• Brief
Set down, please, the line that contains "De achtertuin ligt" and every line that follows it to the end of the records, exactly; do not include pictures.

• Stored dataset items

------------------------------

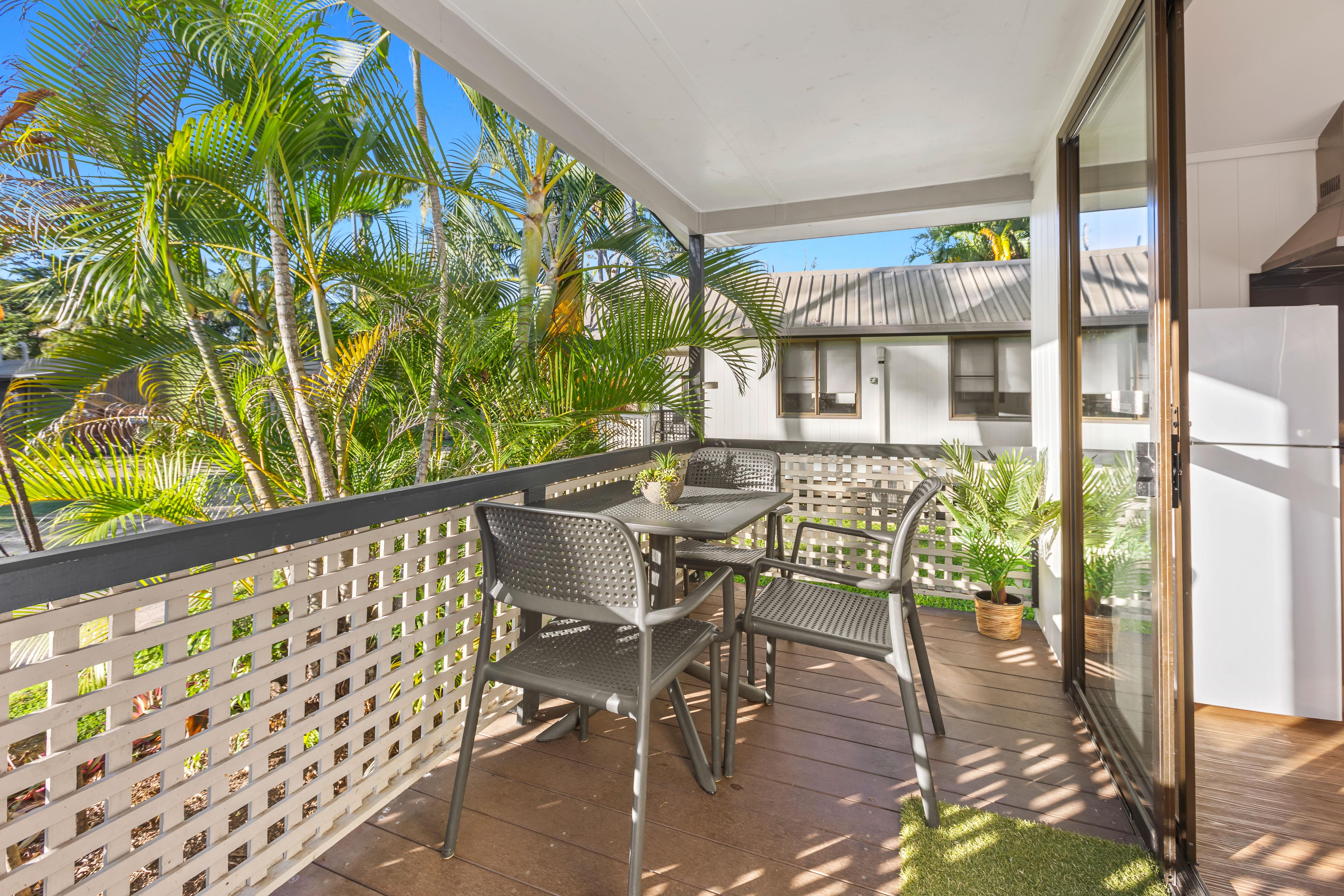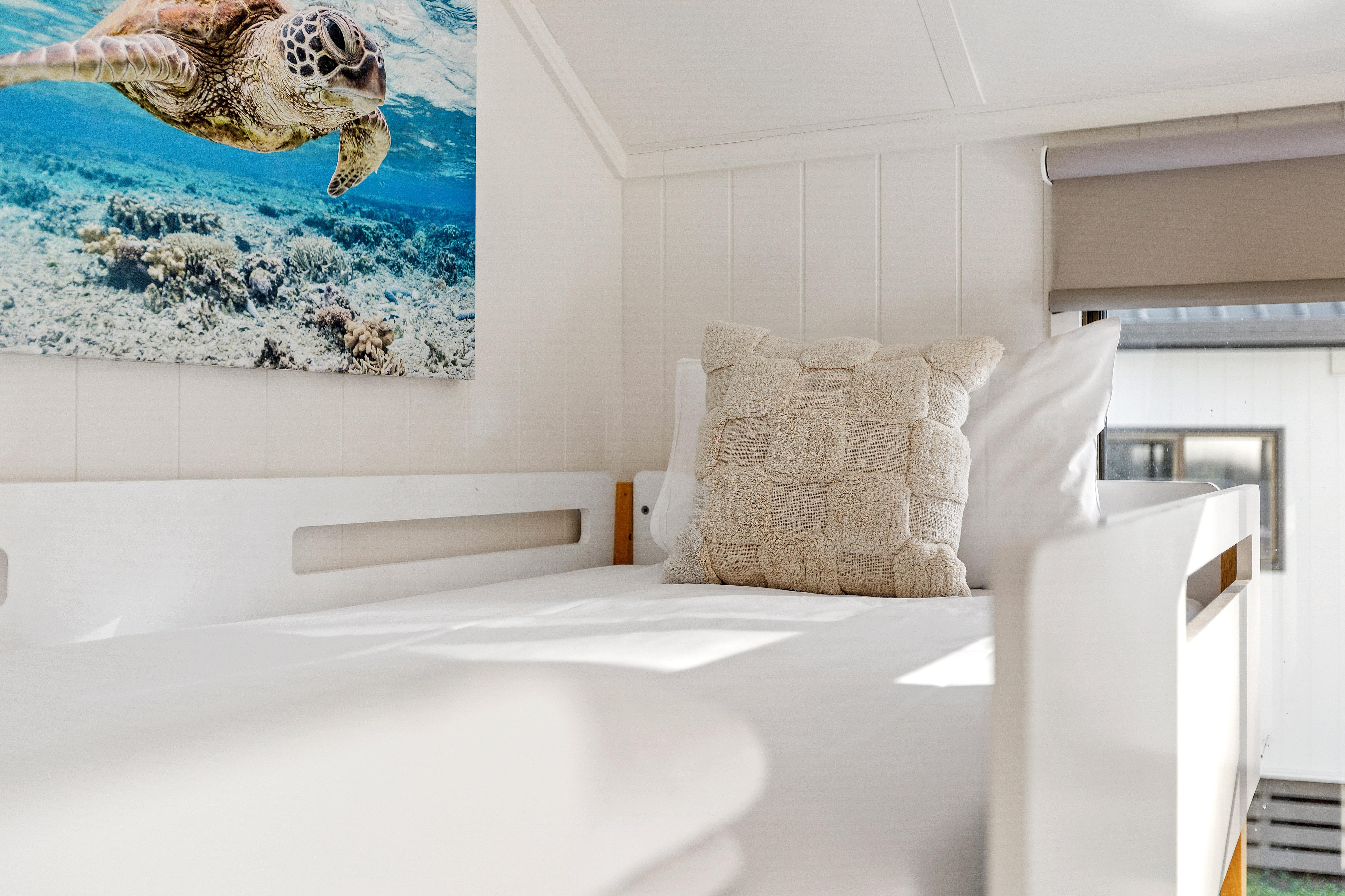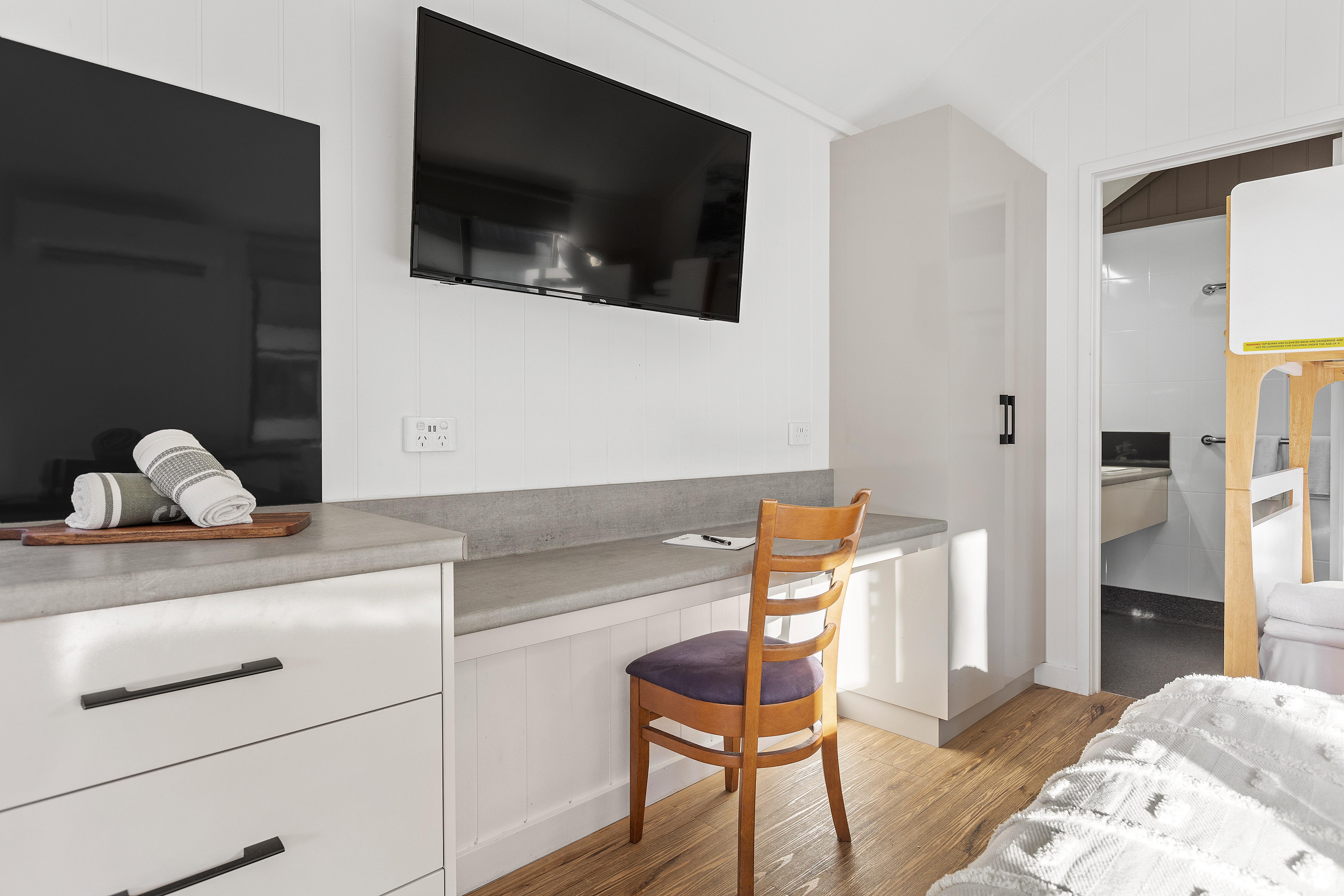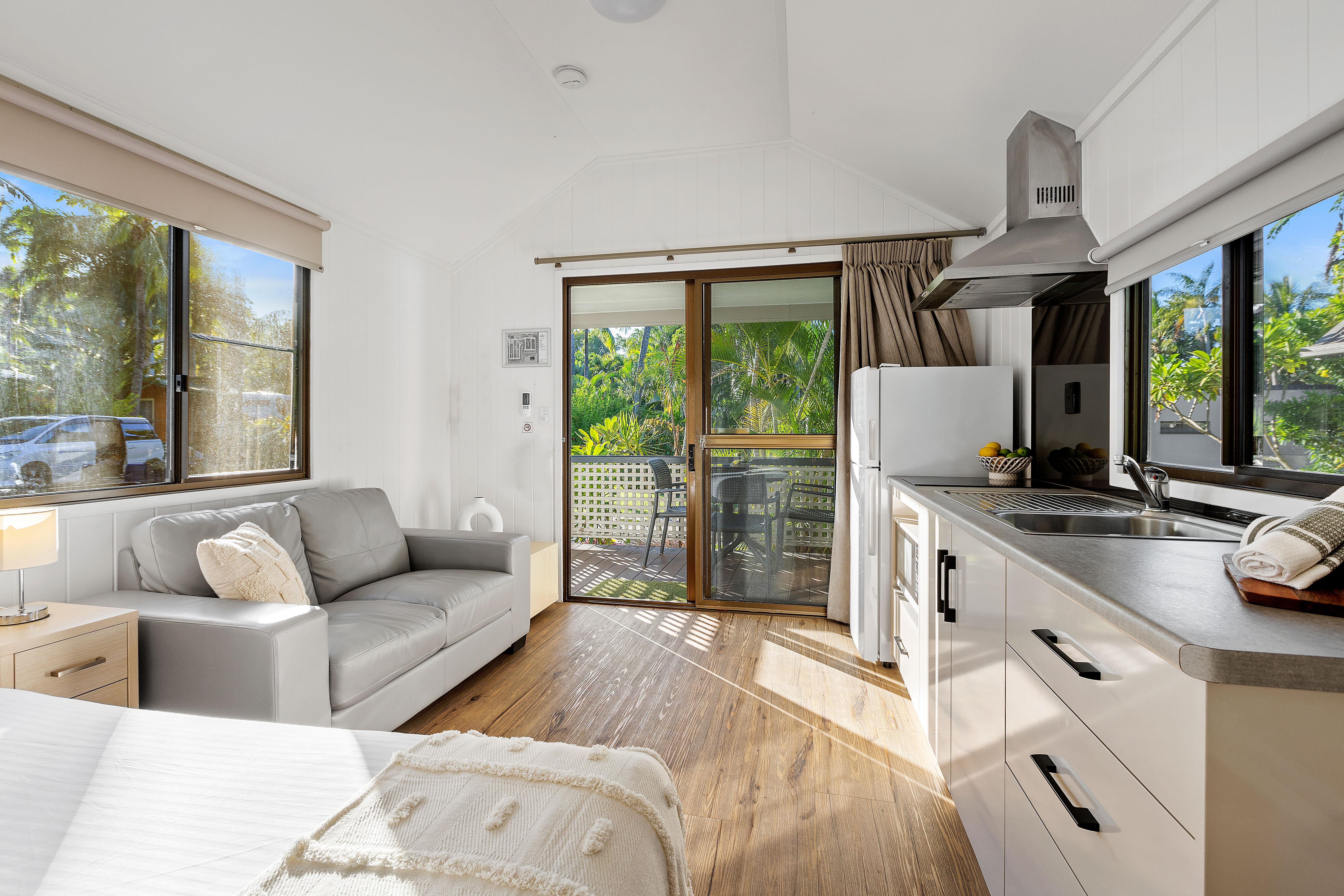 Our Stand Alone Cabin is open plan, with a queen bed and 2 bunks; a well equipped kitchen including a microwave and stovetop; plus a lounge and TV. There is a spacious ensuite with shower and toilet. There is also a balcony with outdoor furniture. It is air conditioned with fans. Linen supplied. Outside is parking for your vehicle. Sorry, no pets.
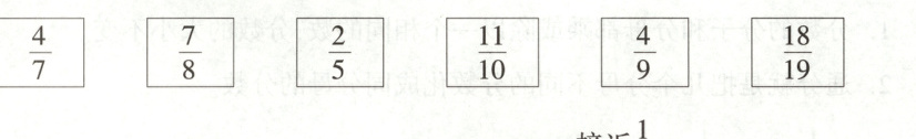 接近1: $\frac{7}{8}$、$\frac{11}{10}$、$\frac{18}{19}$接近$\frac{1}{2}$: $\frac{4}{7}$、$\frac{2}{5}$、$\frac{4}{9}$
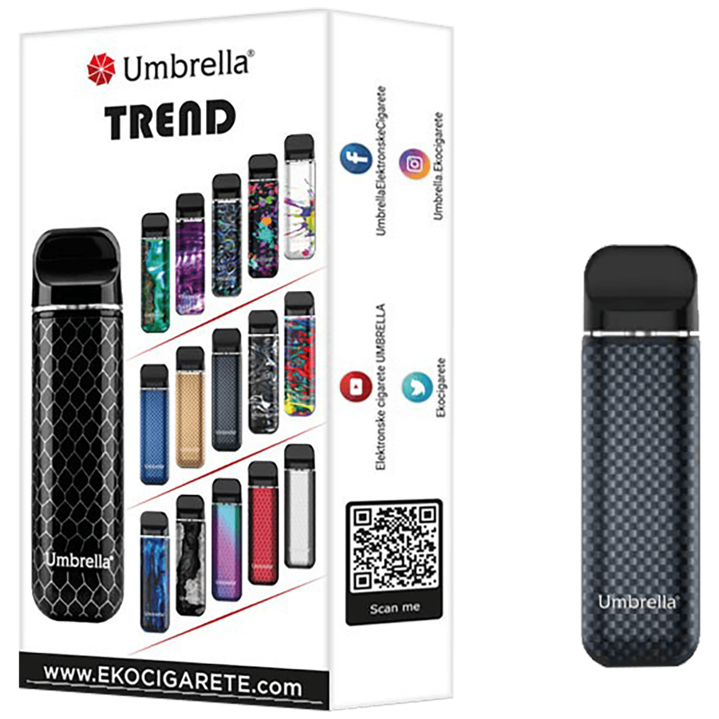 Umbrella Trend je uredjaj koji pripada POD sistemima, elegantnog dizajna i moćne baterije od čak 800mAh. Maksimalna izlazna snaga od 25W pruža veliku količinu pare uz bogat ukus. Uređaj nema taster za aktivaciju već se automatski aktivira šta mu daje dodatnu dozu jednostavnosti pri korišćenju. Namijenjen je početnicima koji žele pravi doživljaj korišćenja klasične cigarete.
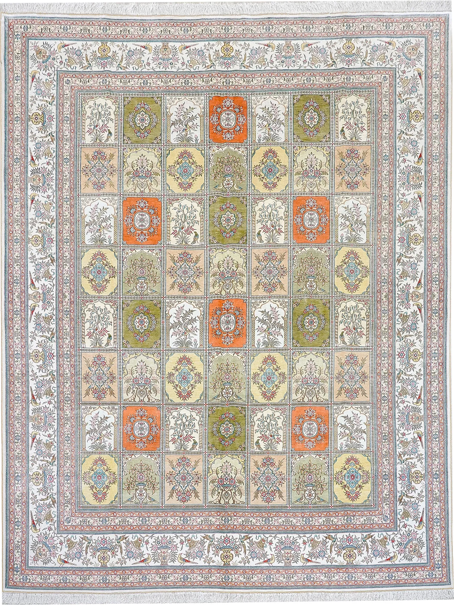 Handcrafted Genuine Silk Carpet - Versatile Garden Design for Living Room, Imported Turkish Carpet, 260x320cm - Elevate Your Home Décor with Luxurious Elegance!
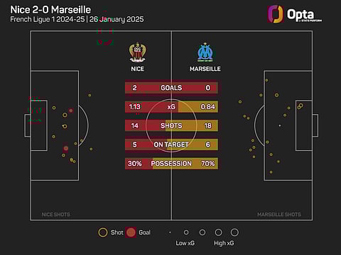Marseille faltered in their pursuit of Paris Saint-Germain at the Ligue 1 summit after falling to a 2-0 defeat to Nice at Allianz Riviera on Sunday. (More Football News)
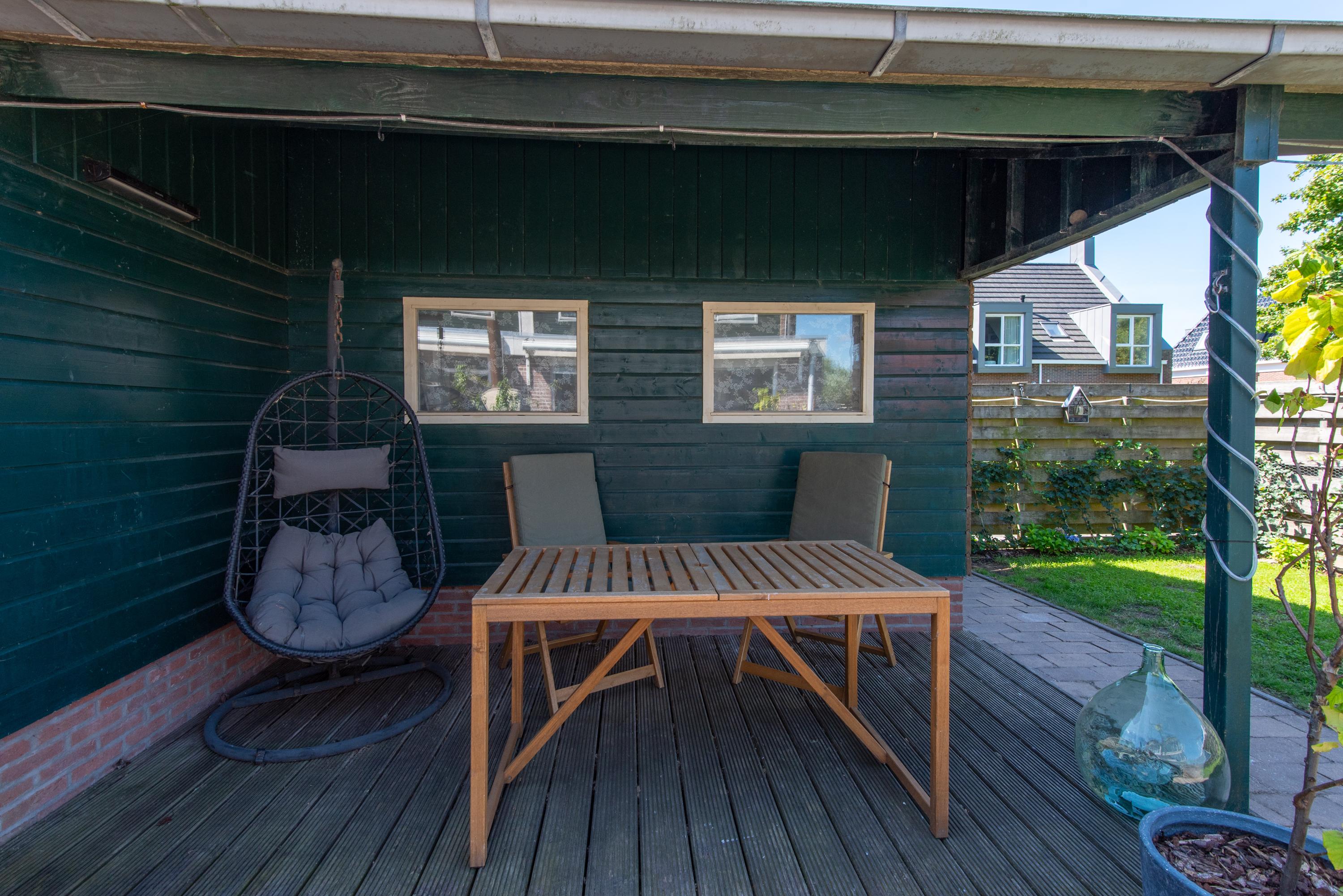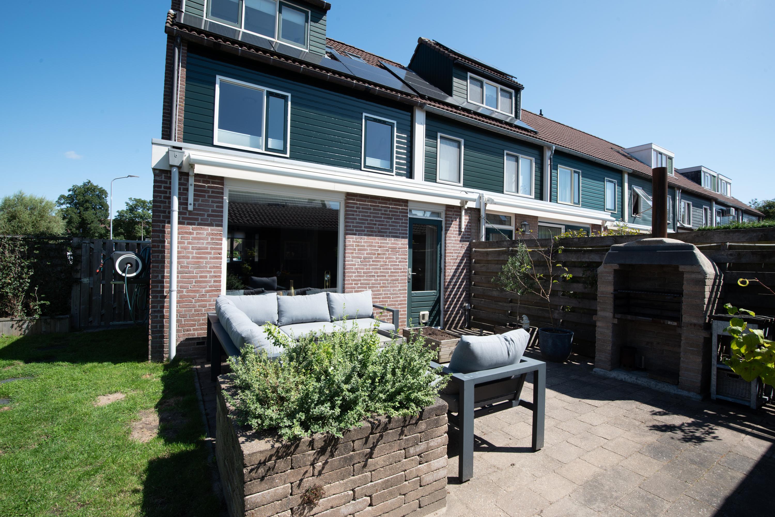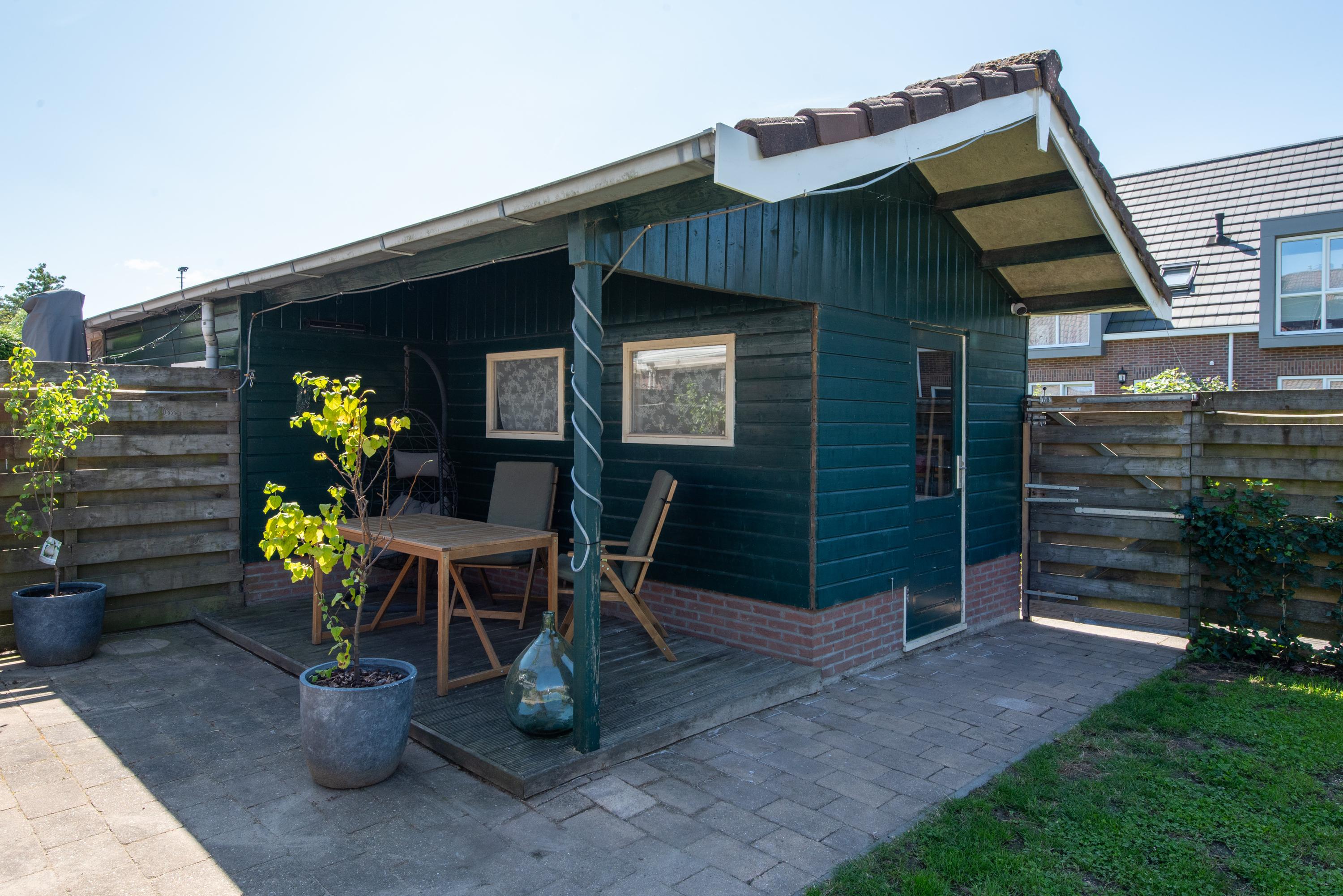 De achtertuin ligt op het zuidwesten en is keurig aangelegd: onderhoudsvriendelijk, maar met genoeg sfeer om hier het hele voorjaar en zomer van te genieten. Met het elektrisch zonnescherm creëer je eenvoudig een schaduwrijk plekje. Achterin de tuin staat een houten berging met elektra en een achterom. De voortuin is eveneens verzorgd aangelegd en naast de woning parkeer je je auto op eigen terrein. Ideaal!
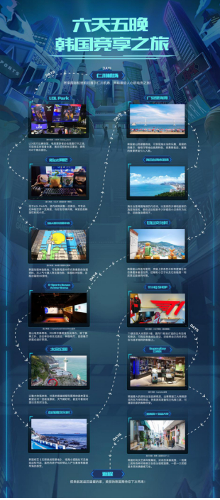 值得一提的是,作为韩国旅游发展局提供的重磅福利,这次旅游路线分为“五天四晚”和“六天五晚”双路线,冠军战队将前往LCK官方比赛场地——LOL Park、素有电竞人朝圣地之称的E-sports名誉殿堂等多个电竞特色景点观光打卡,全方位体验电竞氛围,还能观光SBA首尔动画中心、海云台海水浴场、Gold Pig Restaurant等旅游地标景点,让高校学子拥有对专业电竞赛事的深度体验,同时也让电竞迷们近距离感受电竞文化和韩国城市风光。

------------------------------

• Output for this exercise
 De achtertuin ligt op het zuidwesten en is keurig aangelegd: onderhoudsvriendelijk, maar met genoeg sfeer om hier het hele voorjaar en zomer van te genieten. Met het elektrisch zonnescherm creëer je eenvoudig een schaduwrijk plekje. Achterin de tuin staat een houten berging met elektra en een achterom. De voortuin is eveneens verzorgd aangelegd en naast de woning parkeer je je auto op eigen terrein. Ideaal!
 值得一提的是,作为韩国旅游发展局提供的重磅福利,这次旅游路线分为“五天四晚”和“六天五晚”双路线,冠军战队将前往LCK官方比赛场地——LOL Park、素有电竞人朝圣地之称的E-sports名誉殿堂等多个电竞特色景点观光打卡,全方位体验电竞氛围,还能观光SBA首尔动画中心、海云台海水浴场、Gold Pig Restaurant等旅游地标景点,让高校学子拥有对专业电竞赛事的深度体验,同时也让电竞迷们近距离感受电竞文化和韩国城市风光。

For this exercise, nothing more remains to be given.